Thermokarst failures occur when permafrost—a layer of frozen soil in Earth's polar regions—thaws and becomes unstable. Though the events occur naturally throughout the Arctic, many scientists suspect that rising temperatures in the north are causing more of these features to form. By comparing aerial photographs from 1985 with recent photos, "We can now say with some assurance... that in some locations [there are] between two and five times more of these features now than in the early 1980s," says William Bowden, an aquatic ecologist at the University of Vermont.
That's why Bowden, his research assistant Schuett, and others at Toolik Field Station, a University of Alaska, Fairbanks, research facility 150 miles north of the Arctic Circle in northern Alaska, are studying the impact of thermokarsts on the environment. Their work fits into a long tradition of climate change research at Toolik, which, since its founding in 1975, has provided a pristine laboratory for studying how a warmer world will transform the land and waterways of the Arctic.

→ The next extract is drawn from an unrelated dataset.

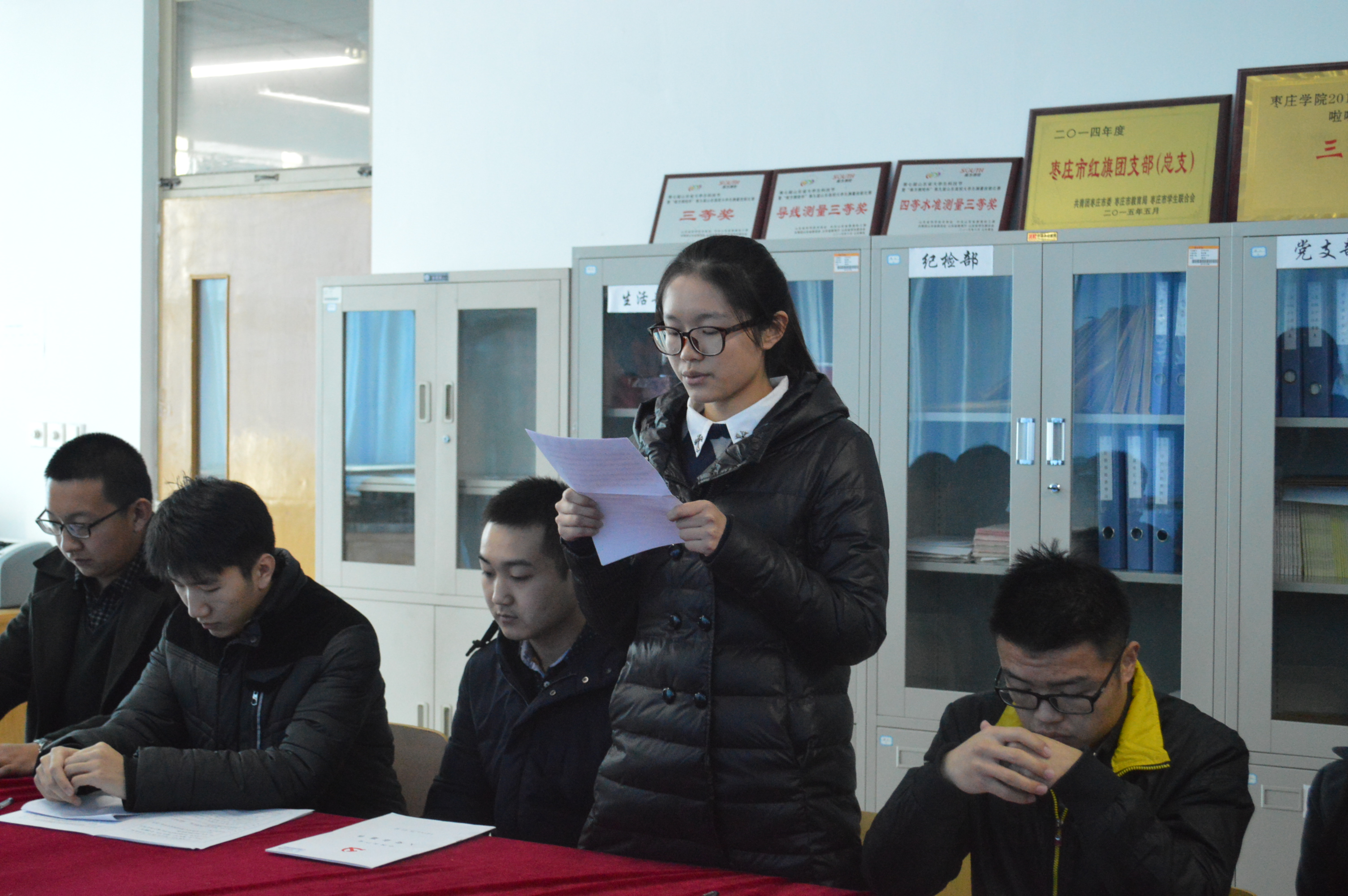 会议由团总支书记胡新华主持。会议内容分两项:预备党员转正及新党员纳新。预备党员和新党员详细汇报了自己在考察期间的思想、工作、学习等情况,对自身进行了深入剖析。通过大家认真地讨论和审议和表决,全票通过了曲文婷等4名同志的转正申请,接收了李玉莹等4名同志为中共预备党员的决定。

Understanding climate and environmental change, according to Norman Marcotte of Canada's Natural Sciences and Engineering Research Council, is the "burning issue" in Arctic research internationally. Research stations such as Toolik are key in capturing long-term data and exploring issues in the field, he says by e-mail, and Canada has plans to develop an Arctic research station with many of the same elements as Toolik.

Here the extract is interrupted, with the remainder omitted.